我正在尝试将以下代码重构为带有 `stream 的 lambda 表达式,尤其是嵌套的 foreach 循环:
public static Result match (Response rsp) {
Exception lastex = null;
for (FirstNode firstNode : rsp.getFirstNodes()) {
for (SndNode sndNode : firstNode.getSndNodes()) {
try {
if (sndNode.isValid())
return parse(sndNode); //return the first match, retry if fails with ParseException
} catch (ParseException e) {
lastex = e;
}
}
}
//throw the exception if all elements failed
if (lastex != null) {
throw lastex;
}
return null;
}
我开始于:
rsp.getFirstNodes().forEach().?? // how to iterate the nested 2ndNodes?
看flatMap:
flatMap(Function<? super T,? extends Stream<? extends R>> mapper)

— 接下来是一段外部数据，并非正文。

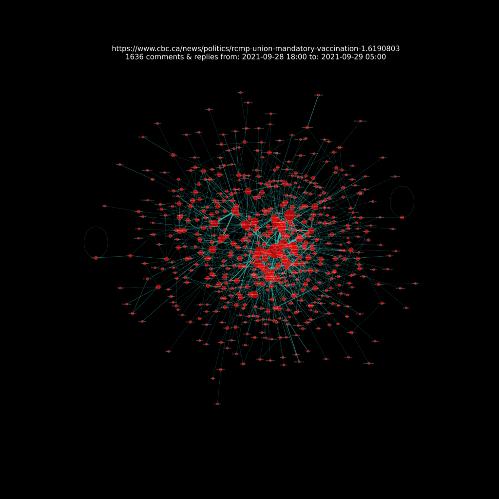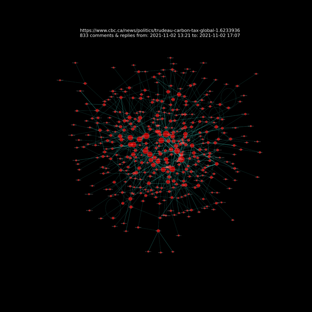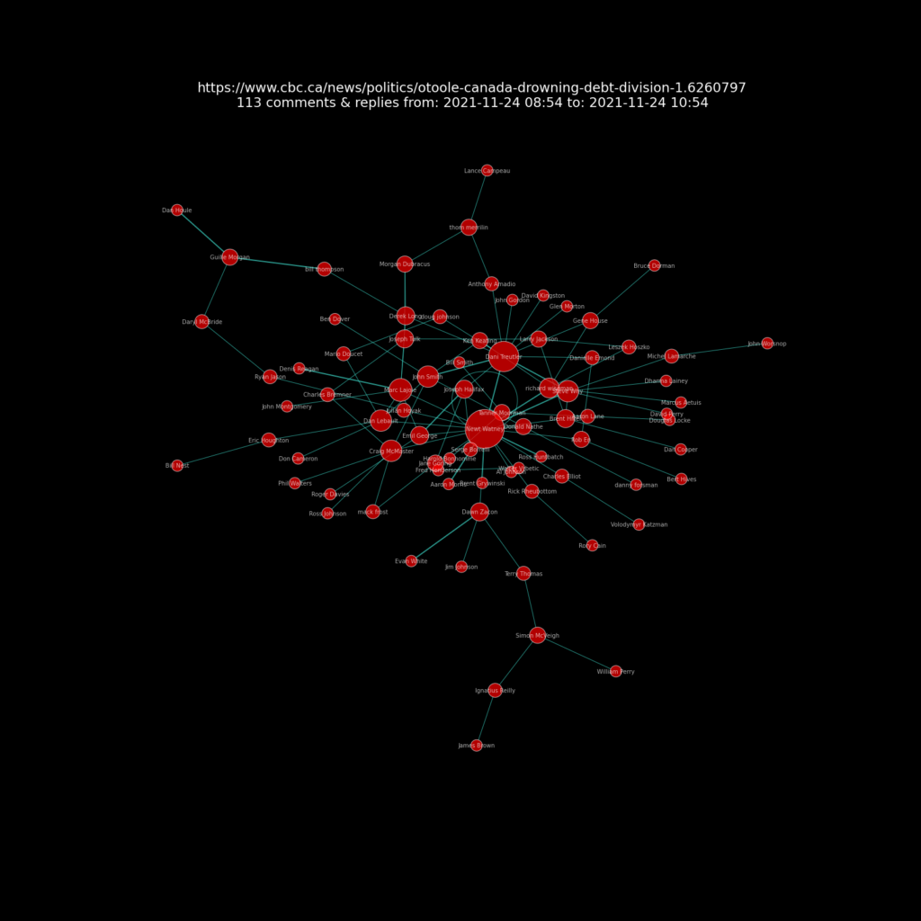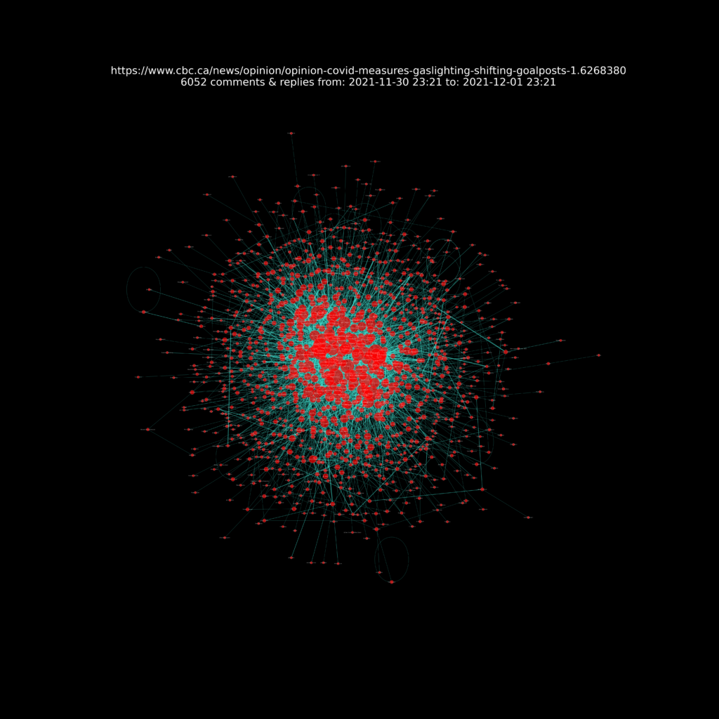 A presentation of the resulting network charts for each article I analysed can be seen at this Github repository web page  https://sitrucp.github.io/cbc_comments/image_grid.html.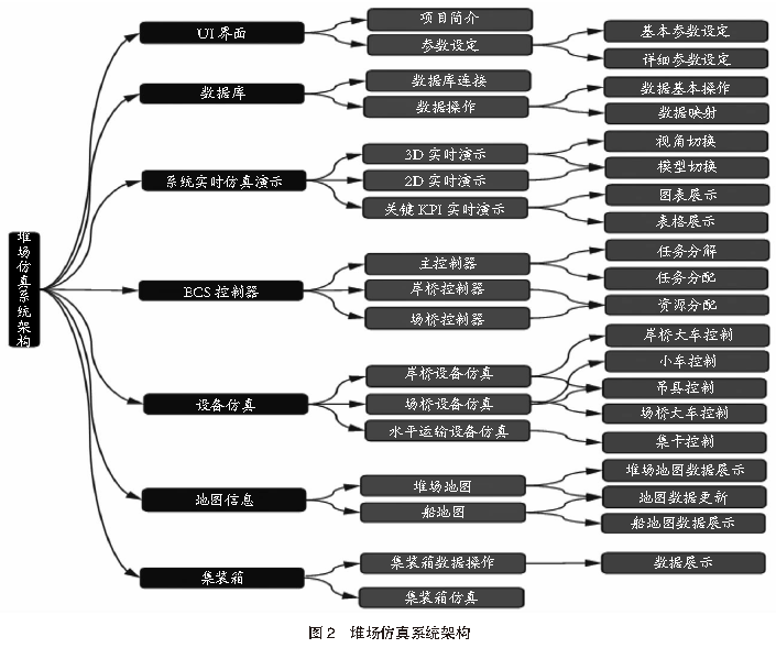 3仿真模型搭建3.1 堆場仿真系統(tǒng)架構(gòu)根據(jù)港口堆場作業(yè)特點(diǎn)和堆場系統(tǒng)功能,設(shè)計(jì)搭建港口堆場仿真系統(tǒng)架構(gòu)。該架構(gòu)主要包括UI界面、數(shù)據(jù)庫、系統(tǒng)實(shí)時(shí)仿真演示、ECS控制器、設(shè)備仿真、地圖信息、集裝箱等部分,主要用于實(shí)現(xiàn)數(shù)據(jù)交互、模型設(shè)計(jì)、任務(wù)調(diào)度管理、仿真測試、結(jié)果演示等功能。堆場仿真系統(tǒng)架構(gòu)見圖2。

Returns a stream consisting of the results of replacing each element
of this stream with the contents of a mapped stream produced by
applying the provided mapping function to each element.
假设 isValid() 不抛出
的代码示例
Optional<SndNode> sndNode = rsp.getFirstNodes()
.stream()
.flatMap(firstNode -> firstNode.getSndNodes().stream()) //This is the key line for merging the nested streams
.filter(sndNode -> sndNode.isValid())
.findFirst();
if (sndNode.isPresent()) {
try {
parse(sndNode.get());
} catch (ParseException e) {
lastex = e;
}
}
尝试使用 map 转换原始来源。
rsp.getFirstNodes().stream().map(FirstNode::getSndNodes)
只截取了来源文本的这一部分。